Written and directed by Woody Allen (Blue Jasmine, To Rome with Love), Magic in the Moonlight benefits from a superb cast of actors, with the supporting players just as charismatic to watch as the two captivating leads. Many an actor has failed to make the auteur's dialogue work, as they can often come across as sounding like Allen's proxies, but all involved succeed in making each character his or her own. Firth takes his dialogue and elevates it to theatrical heights, as any film about a grand showman should, while Emma Stone gets to be more understated and winsome in a way that would make us like her even if she were proven to be a charlatan.

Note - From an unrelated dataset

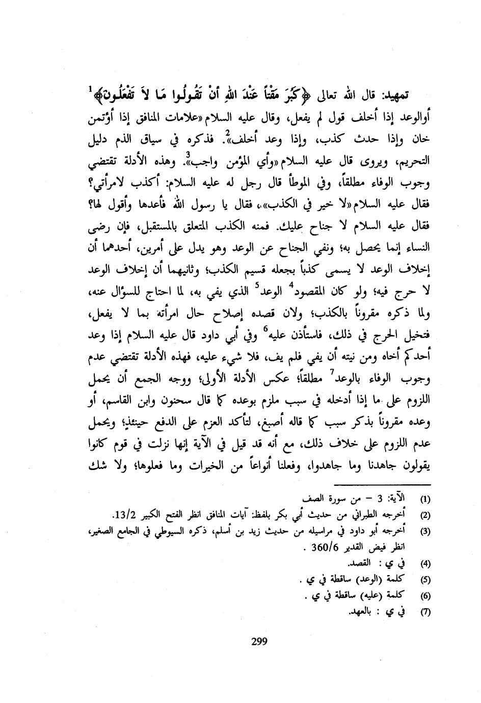 تَمْهِيدٌ - قَالَ اللَّهُ تَعَالَى {كَبُرَ مَقْتًا عِنْدَ الله أَن تَقولُوا مَا لَا تَفْعَلُونَ} أَو الْوَعْد إِذا أخلف قَول لم يفعل وَقَالَ - صَلَّى اللَّهُ عَلَيْهِ وَسَلَّم َ - " عَلَامَاتُ الْمُنَافِقِ إِذَا اؤْتُمِنُ خَانَ وَإِذَا حَدَّثَ كَذَبَ وَإِذَا وَعَدَ أَخْلَفَ " فَذِكْرُهُ فِي سِيَاقِ الذَّم دَلِيل التَّحْرِيم ويروى قَالَ - صَلَّى اللَّهُ عَلَيْهِ وَسَلَّم َ - " وَأَيُّ الْمُؤْمِنِ وَاجِبٌ " وَهَذِهِ الْأَدِلَّةُ تَقْتَضِي وُجُوبَ الْوَفَاءِ مُطْلَقًا وَفِي الْمُوَطَّأِ قَالَ رَجُلٌ لَهُ - صَلَّى اللَّهُ عَلَيْهِ وَسَلَّم َ - أكذب لامرأتي فَقَالَ - صَلَّى اللَّهُ عَلَيْهِ وَسَلَّم َ - " لَا خَيْرَ فِي الْكَذِبِ " فَقَالَ يَا رَسُولَ الله فأعدها وَأَقُول لَهَا فَقَالَ - صَلَّى اللَّهُ عَلَيْهِ وَسَلَّم َ - لَا جنَاح عَلَيْك فَمِنْهُ الْكَذِب الْمُتَعَلّق بالمستقبل فَإِن رَضِي النِّسَاءِ إِنَّمَا يَحْصُلُ بِهِ وَنَفَى الْجُنَاحَ عَنِ الْوَعْدِ وَهُوَ يَدُلُّ عَلَى أَمْرَيْنِ أَحَدُهُمَا أَنَّ إِخْلَافَ الْوَعْدِ لَا يُسَمَّى كَذِبًا بِجَعْلِهِ قَسِيمَ الْكَذِبِ وَثَانِيهُمَا أَنَّ إِخْلَافَ الْوَعْدِ لَا حَرَجَ فِيهِ وَلَوْ كَانَ الْمَقْصُودُ الْوَعْدَ الَّذِي يَفِي بِهِ لَمَا احْتَاجَ لِلسُّؤَالِ عَنْهُ وَلَمَا ذَكَرَهُ مَقْرُونًا بِالْكَذِبِ وَلِأَنَّ قَصْدَهُ إِصْلَاحُ حَالِ امْرَأَتِهِ بِمَا لَا يَفْعَلُ فَتَخَيَّلَ الْحَرَجَ فِي ذَلِكَ فَاسْتَأْذن عَلَيْهِ وَفِي أَبِي دَاوُدَ قَالَ - صَلَّى اللَّهُ عَلَيْهِ وَسَلَّم َ - إِذَا وَعَدَ أَحَدُكُمْ أَخَاهُ وَمِنْ نِيَّتِهِ أَنْ يَفِيَ فَلَمْ يَفِ فَلَا شَيْءَ عَلَيْهِ فَهَذِهِ الْأَدِلَّةُ تَقْتَضِي عَدَمَ وُجُوبِ الْوَفَاءِ بِالْوَعْدِ مُطْلَقًا عَكْسَ الْأَدِلَّةِ الْأُولَى وَوَجْهُ الْجَمْعِ أَنْ يُحْمَلَ اللُّزُومُ عَلَى مَا إِذَا أَدْخَلَهُ فِي سَبَبٍ مُلْزِمٍ بِوَعْدِهِ كَمَا قَالَ سَحْنُونٌ وَابْنُ الْقَاسِمِ أَوْ وَعْدُهُ مَقْرُونًا بِذِكْرِ سَبَبٍ كَمَا قَالَهُ أَصْبَغُ لِتَأَكُّدِ الْعَزْمِ عَلَى الدَّفْعِ حِينَئِذٍ وَيُحْمَلُ عَدَمُ اللُّزُومِ عَلَى خِلَافِ ذَلِكَ مَعَ أَنَّهُ قد قِيلَ فِي الْآيَةِ أَنَّهَا نَزَلَتْ فِي قَوْمٍ كَانُوا يَقُولُونَ جَاهَدْنَا وَمَا جَاهَدُوا وَفَعَلْنَا أَنْوَاعًا مِنَ الْخَيْرَاتِ وَمَا فَعَلُوهَا وَلَا شَكَّ

There is nearly three decades of age difference between Firth and Stone, though it's never to the icky stage, perhaps given that it's more implied than demonstrated. Plus, May-December pairings is par for the course for Allen (in films and real life), and it's not an uncommon for the era of the 1920s as a whole. Given that Allen is channeling My Fair Lady, the difference in age and station is perhaps intentional.
Just as delightful as the performers are the locations, sets, and costumes, all handsomely photographed by Darius Khondji (The Immigrant, Midnight in Paris). Even is this is inconsequential Woody, comparatively, it's hard to resist the pleasantness of the film's aesthetic appeal.
In my opinion, Allen does flub the very end seconds of the film somewhat, stealing away what could have been a very poignant thematic capper, but the venture is entertaining enough along the way that questioning the direction that the film goes in its final moments is worth overlooking for the overall recommendation. I can say that the crowd that I screened the film with applauded, so perhaps it works for most, and given that it's not as artistic an endeavor as other Allen works, I'm willing to just enjoy it for what it is.
Coming off of his masterful Blue Jasmine, expectations will certainly run high, but to those who expect a continuation of his latter-day resurgence, I urge caution. Like his other explorations into the world of magicians in efforts such as The Curse of the Jade Scorpion and Scoop (and New York Stories' Oedipus Wrecks), it's merely meant to entertain, and occasionally dabbles with interesting themes as the icing on the top of this sumptuous dessert of a film. Magic casts an effective spell.